What is being asked -> Within the records below is a range that opens at the line with "속초해수욕장 일원에서 열리는" and closes at the line with "Rentabilidad de los". Return that range word for word, both ends included, and only that range.

Data for this exercise ->

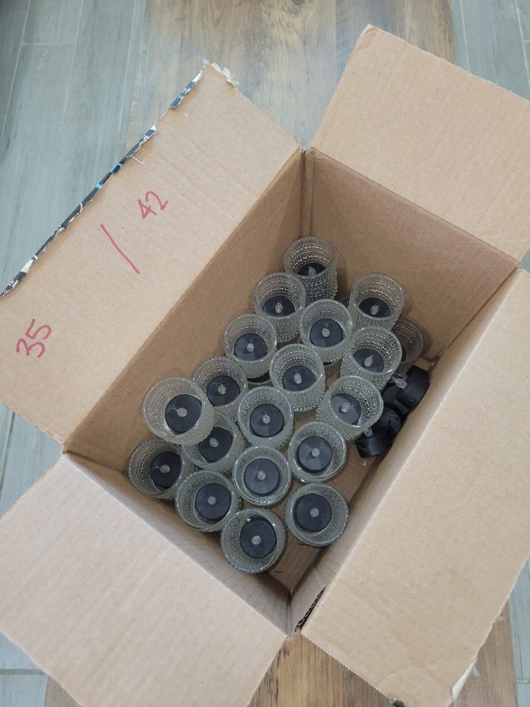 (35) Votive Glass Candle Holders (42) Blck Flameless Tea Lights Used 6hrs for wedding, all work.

--

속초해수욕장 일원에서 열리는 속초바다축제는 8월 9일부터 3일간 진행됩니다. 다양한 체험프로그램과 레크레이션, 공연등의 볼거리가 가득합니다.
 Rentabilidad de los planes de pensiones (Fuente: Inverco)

---

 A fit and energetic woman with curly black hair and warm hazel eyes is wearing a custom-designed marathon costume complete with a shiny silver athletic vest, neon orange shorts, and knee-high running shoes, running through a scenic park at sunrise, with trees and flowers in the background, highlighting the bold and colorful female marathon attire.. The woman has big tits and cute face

Solution below ->
속초해수욕장 일원에서 열리는 속초바다축제는 8월 9일부터 3일간 진행됩니다. 다양한 체험프로그램과 레크레이션, 공연등의 볼거리가 가득합니다.
 Rentabilidad de los planes de pensiones (Fuente: Inverco)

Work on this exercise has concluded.